Like most poems, this one asserts a way of seeing the world that is not immediately accessible. In Lucy's experience, the poem did not inspire her to look at nature in a new way, probably because her teachers insisted that she memorize it instead of appreciate its perspective. This forced encounter with an alien culture was generated by the British educational system, which became a form of indoctrination under colonialism that persisted long after the island's legal obligations to the British had ended. For Lucy, the chance to appreciate daffodils has been tainted by the way that she was introduced to them many years ago.

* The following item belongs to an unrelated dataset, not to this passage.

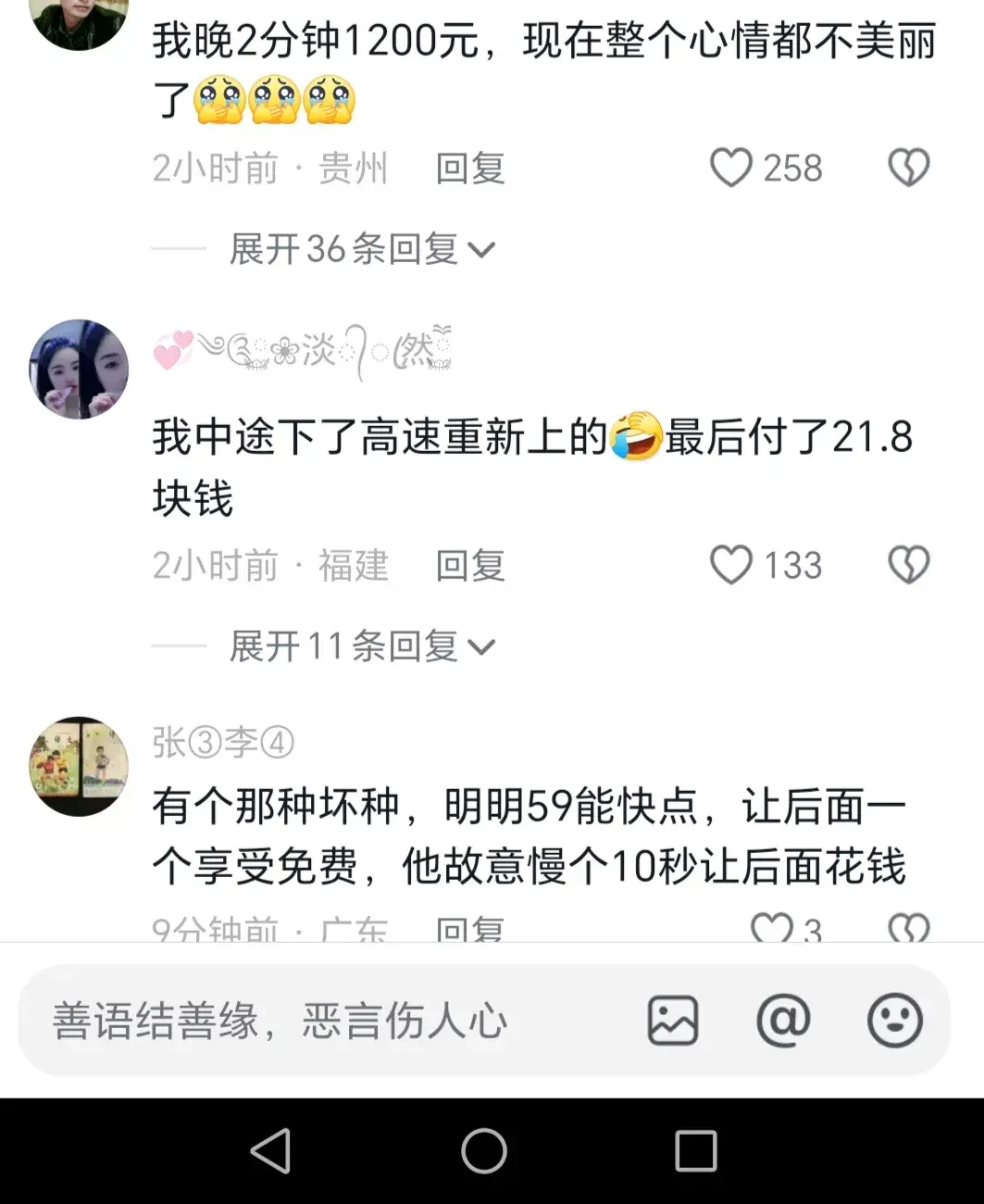 因此,評論區也有網友建議:時間來不及了,提前一個路口下高速,然后再重新上高速,這樣就只要交后面重新上高速的費用了,也可以省下不少錢。

Lucy's own experiences have allowed her to see significance in the many things Mariah takes for granted. Lucy cannot help but "see hundreds of years in every gesture, every spoken word, every face" rather than just taking them as they are (31). Although she does not identify as an African-American herself, Lucy understands the racial climate in America. While dining on a train ride to Mariah's summer house, Lucy observes that "The other people sitting down all looked like Mariah's relatives; the people waiting on them all looked like mine... Mariah did not seem to notice what she had in common with the other diners, or what I had in common with the waiters" (33). In other words, Lucy is immediately aware that the servers and the served are divided along racial lines. She perceives that the history of race in America has resulted in this division. But Mariah, who should know the history of slavery in her own country, does not see this division. She is not perceiving the various people on the train primarily in terms of race. Or, if she does perceive this unpleasant reality, she must be subordinating it to something else, such as memories of an idyllic childhood.

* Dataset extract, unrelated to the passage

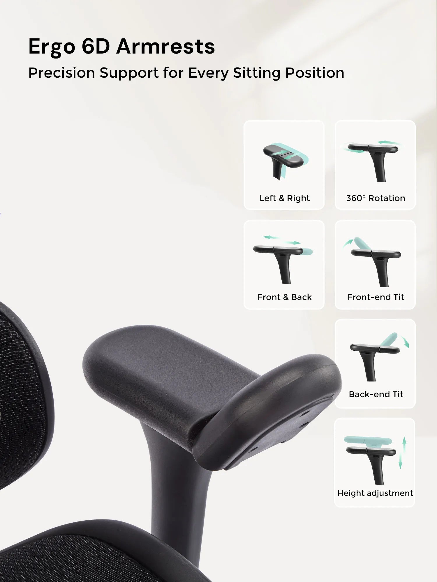 2. 6D Armrests for Total Support

Mariah may be uncomfortable with Lucy's willingness to see reality through the perspective of race, but she offers her own racialized perspective. Mariah wants to tell Lucy that the reason she is good at catching fish, hunting, and roasting corn is because she has Native American ancestry. Her understanding of Native Americans is derived from a romantic notion of "the noble savage," however, rather than the reality of having known and loved a relative of Indian ancestry. Mariah hesitates because she feels that Lucy "will take it the wrong way" (40). As presented, Mariah's assertion seems ridiculous; simply having Indian blood would not be enough for someone to infer that she has inherited culturally learned behaviors such as hunting and fishing. Lucy understands that Mariah is expressing a tension in her racialized comment:
Mariah says, "I have Indian blood in me," and underneath everything I could swear she says it as if she were announcing her possession of a trophy. How do you get to be the sort of victor who can claim to be vanquished also? (41)
Mariah seems to be looking for pardon from Lucy in claiming the status of a victimized minority in America. But Lucy is not willing to accept Mariah's assertion of victimhood, even if she feels an affinity with people who are truly victimized.